My intense study of the post-animalpocalypse world of Slylock Fox has been ongoing for sixteen years now, but every day we are still learning new things about how this society works. For instance, as we humans understand law and justice, Slylock is surely an agent of the government: he works directly for high regime officials, and has the authority to both investigate and prosecute crimes. Yet here we see him in the process of investigating insurance fraud, something that in our own economic system would be considered a civil matter. This hints that their government and law enforcement have a broader reach than ours do: maybe the regime believes they have an obligation to protect corporate bodies against harm just as they protect animal citizens against violence, or perhaps the insurance industry is itself wholly state-run rather than in the hands of private entities. These are rich avenues for study and more than justify the renewal of my academic research grant, so hopefully that check will be coming my way soon.

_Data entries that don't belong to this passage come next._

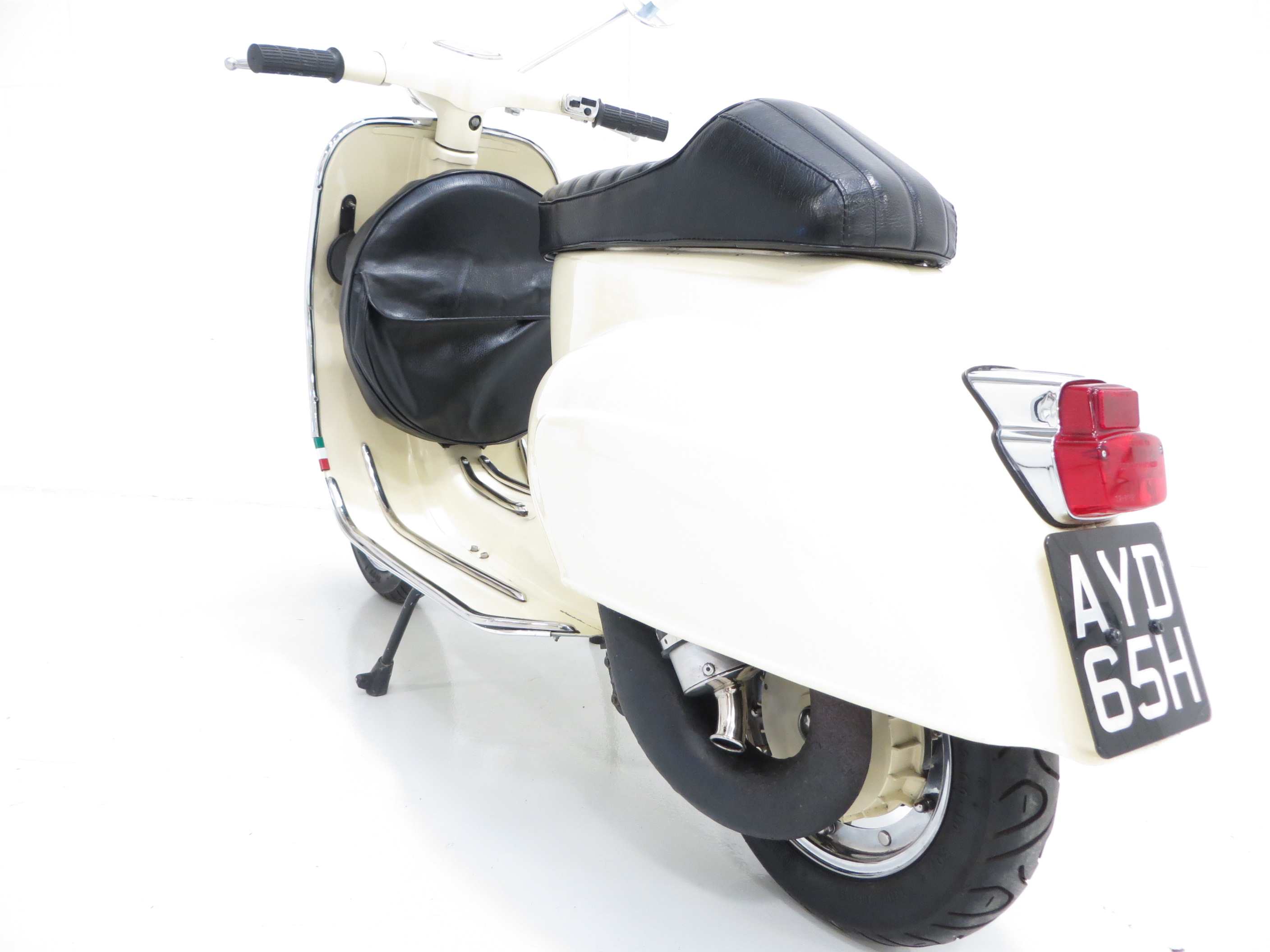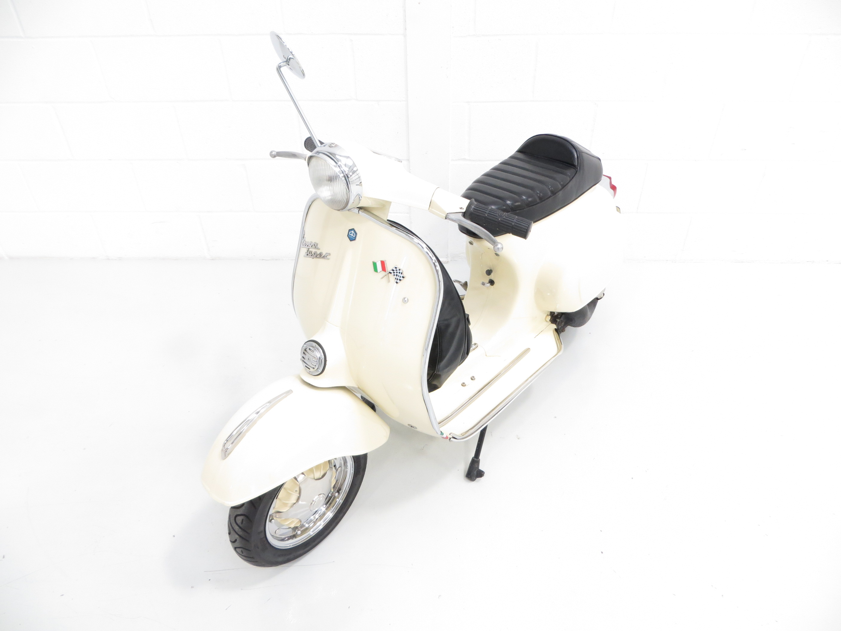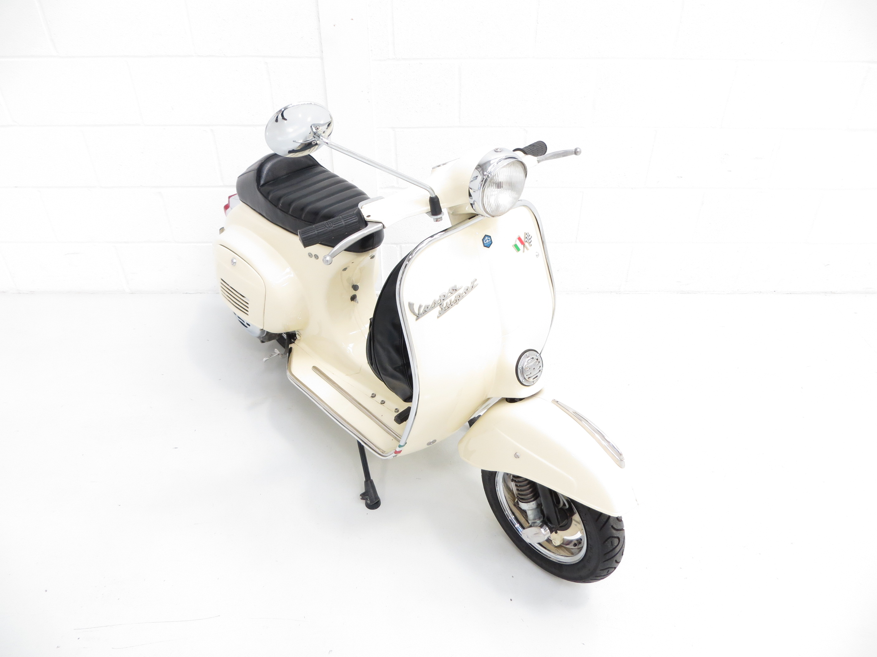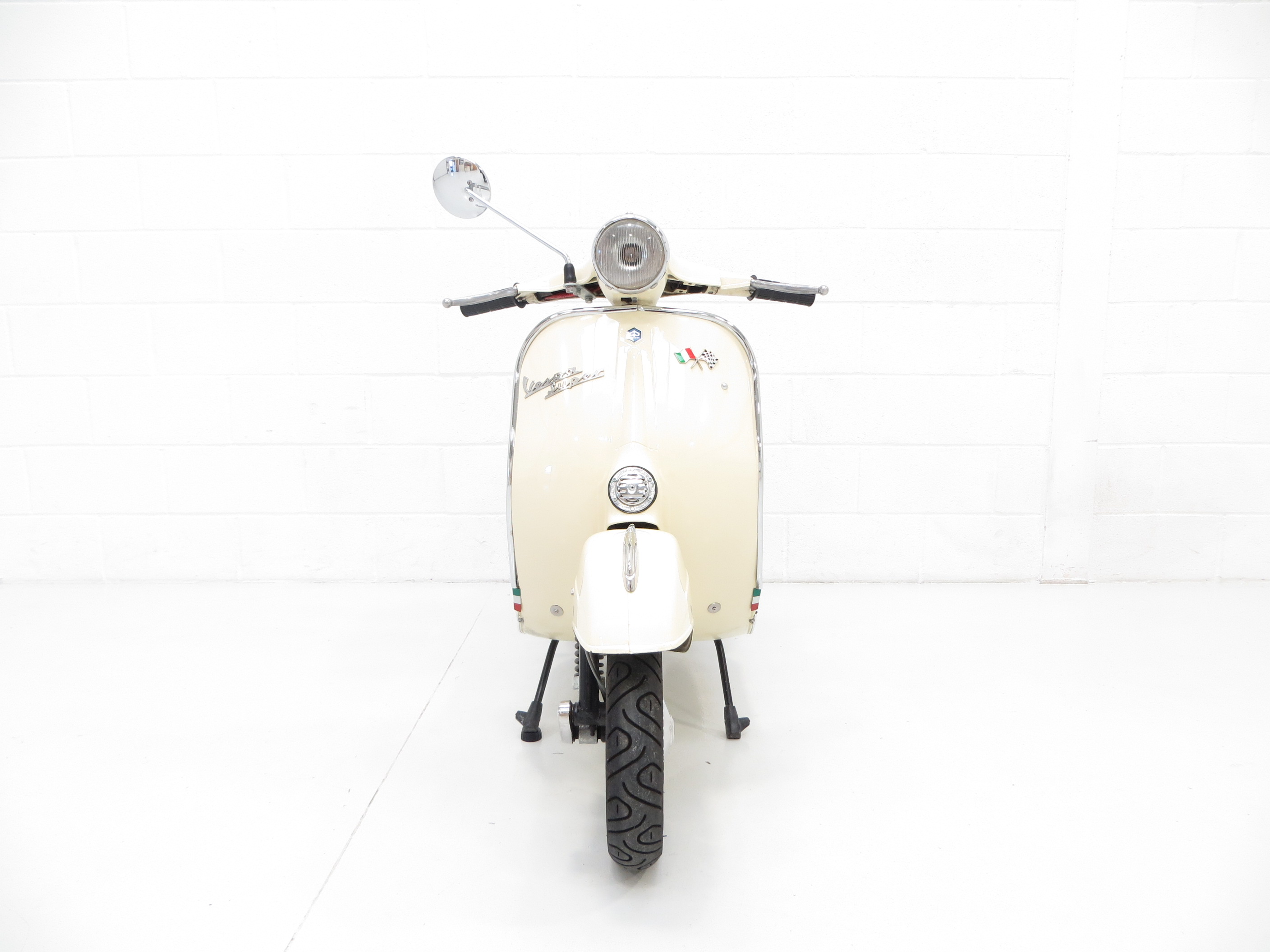The smallframe Vespa is one of the last of the Vespa designs to be penned by Corradano D’Ascanio, the designer of the first Vespa and this beautiful example is finished in Ivory White. Elegant and outstanding simplicity is enhanced with wonderful chrome enhancements all in fabulous clean condition. The black seat material matches the spare wheel cover and is immaculate. A few minor markings mainly to the foot area will not disappoint those seeking a prime example. The Piaggio logo can be seen in the grips and along with all the badges offer a glorious spectacle of classic scooter nostalgia.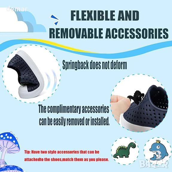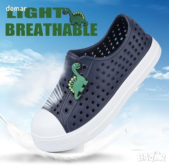 Тези детски обувки за вода са проектирани с неплъзгаща се, бързосъхнеща неопренова материя и гъвкава, дебела гумена подметка, за да предпазят краката от неравни терени и горещи повърхности. Противоплъзгащата се подметка гарантира безопасност при хлъзгави повърхности. Удебелената капачка на пръстите подобрява издръжливостта и намалява износването от удар, докато еластичният маншет и примката за издърпване на петата правят тези обувки лесни за обуване и събуване. Леки и преносими, тези обувки се прилепват към крака като чорапи и могат лесно да се сгънат за съхранение. Идеални за различни дейности като плуване, плажни излети и семейни пътувания, те предлагат защита и комфорт при разходки, джогинг и др. Едната обувка е с динозавър, другата с делфин.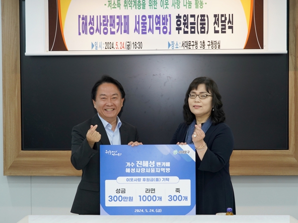 [뉴스서치] 서대문구는 최근 가수 진해성 공식 팬카페 ‘해성사랑서울지역방’로부터 취약계층을 위한 성금 300만 원, 라면 1,000개, 즉석 죽 300개를 기탁받았다고 28일 밝혔다.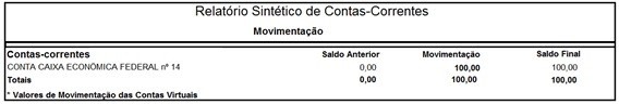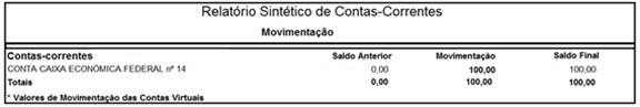 no período de xxxx a xxxx, o relatório apresentará o valor de R$ 100,00. Quando o filtro for por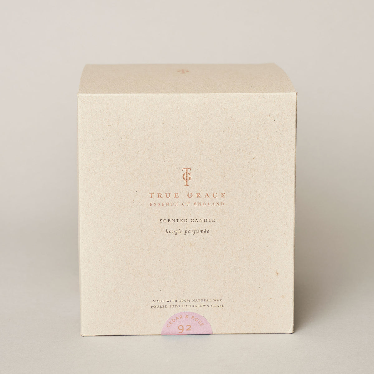 Our Cedar & Rose Large Candle fills the room with a timeless and elegant scent, rich with notes of Dewy Rose, White Cedarwood and Geranium. Handmade in small batches, using a blend of natural and renewable vegetable wax, this large Burlington candle has a clean and even burn time of 95 hours. Beautifully presented in hand blown amber glass, it's perfect for keeping the living room, fresh.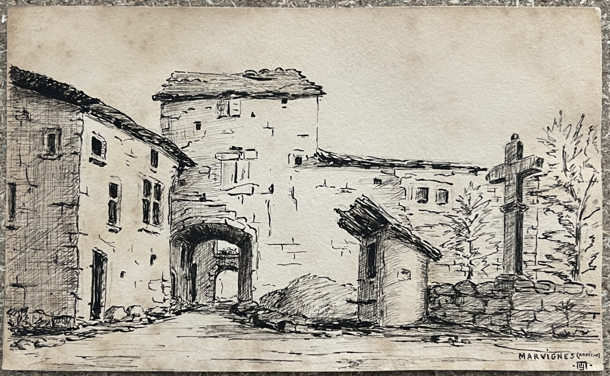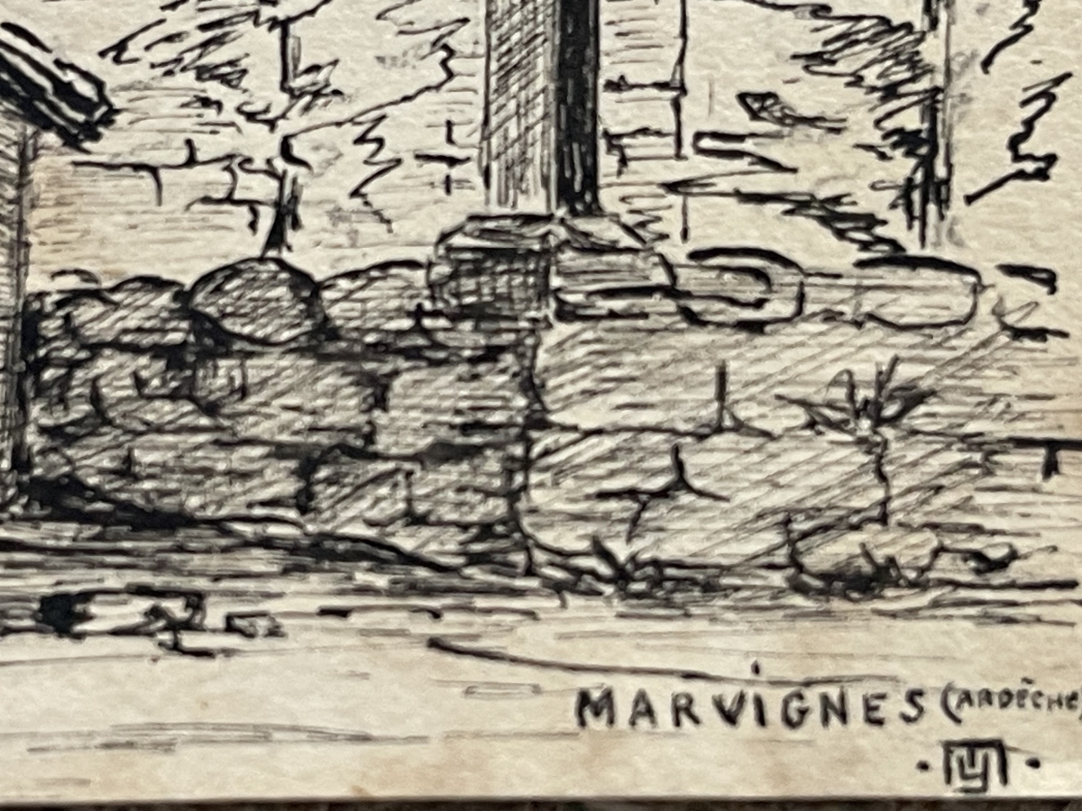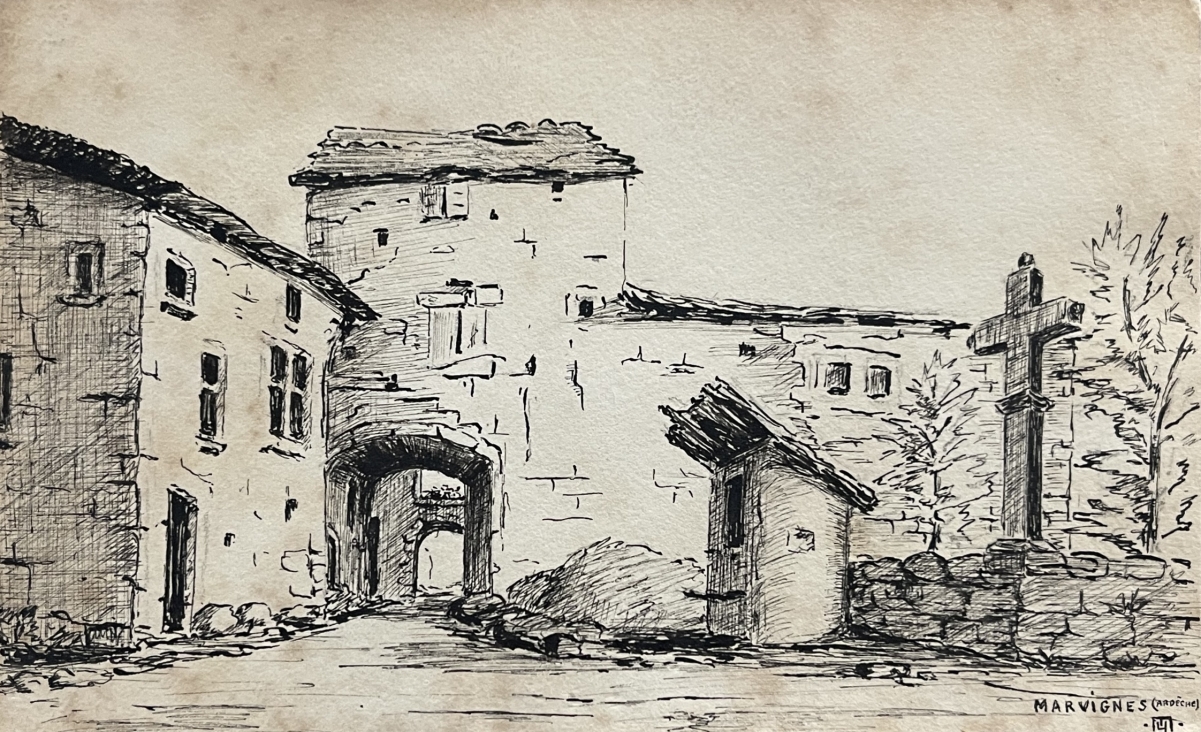 L'inscription manuscrite « Marvignes (Ardèche) » ancre clairement l'œuvre dans une démarche documentaire, faisant de ce dessin à la fois un témoignage graphique du patrimoine vernaculaire ardéchois et une étude sensible de l'architecture rurale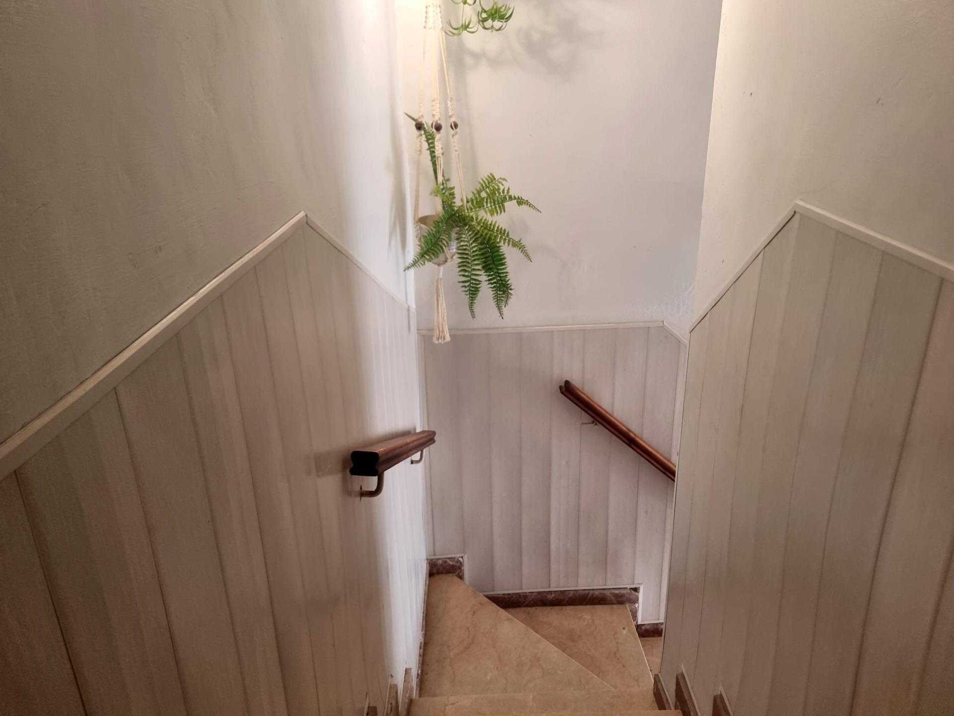 Si continuamos entraremos a un gran salón que tiene una puerta a la habitación de la planta baja. Y otra puerta a un trastero de buen tamaño.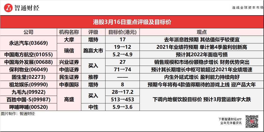 瑞信维持中国南方航空(01055)“跑赢大市”评级,目标价由5.2港元下调5.8%至4.9港元;在新的油价、交通和成本预测下,预计2022年面临亏损和2023E年盈利预测削减3%。该行指出,近期挑战依然存在,但其在国内市场的实力应该继续在2022年,捕捉长期的国内交通带动的复苏。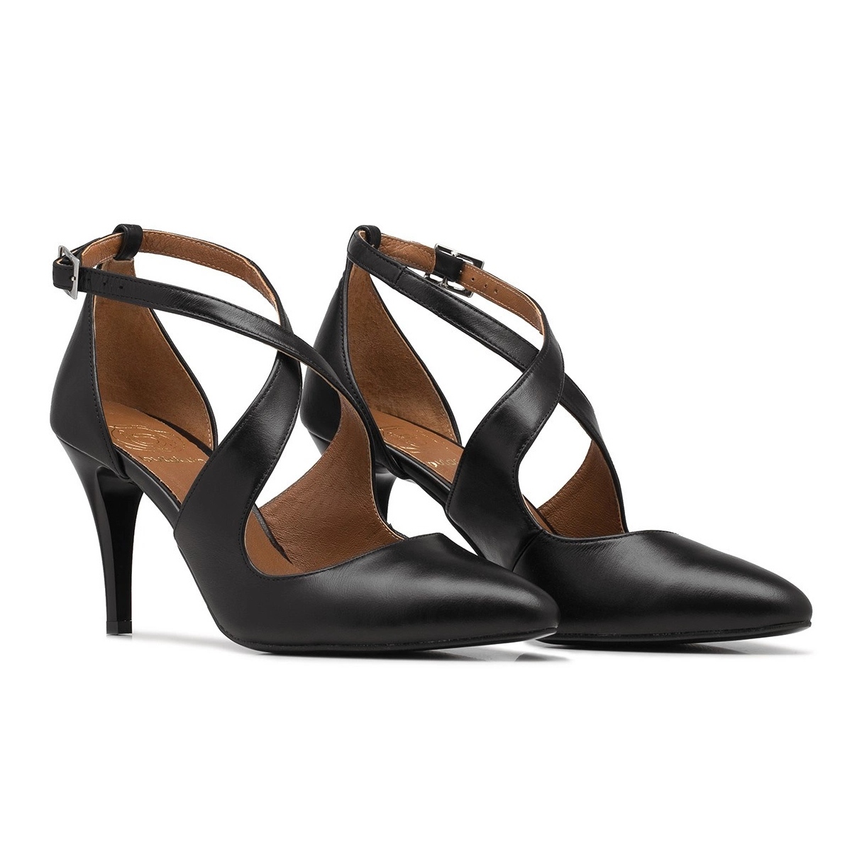 Details: BUTDAM Xena black pointed toe dance heels with straps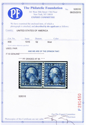 458, Used XF 5¢ Coil Pair - Graded 90 PFC Certificate - Stuart Katz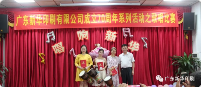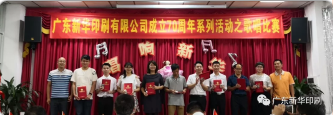 9月27日,廣東新華印刷有限公司成功舉辦了70周年系列活動之“唱響新華”歌唱比賽。公司董事長陳寧俊,總經理汪育暢,副總經理郭志健、馮駒,總經理助理廖信能出席擔任評委并為獲獎選手頒獎。

Barney Google and Snuffy Smith, 5/16/22

Sometimes, when you’re the producer of a media product that’s been running literally since the Wilson Administration and whose whole main shtick is a fairly problematic series of running jokes at the expense of some of America’s most economically desperate citizens, you need to spend a week or so getting new readers up to speed on your characters and letting them know why they should care about them. For instance, did you know that Snuffy Smith refuses to help around the house, and is also deeply in debt? Tune in this week for eight more endearing (?) facts about this dwarfish, potato-nosed rascal!

Pluggers, 5/16/22

Pluggers cannot bat away the constant, intrusive thoughts about death, because they’re aging and physically declining and will themselves be dead soon. That’s it! That’s the whole joke!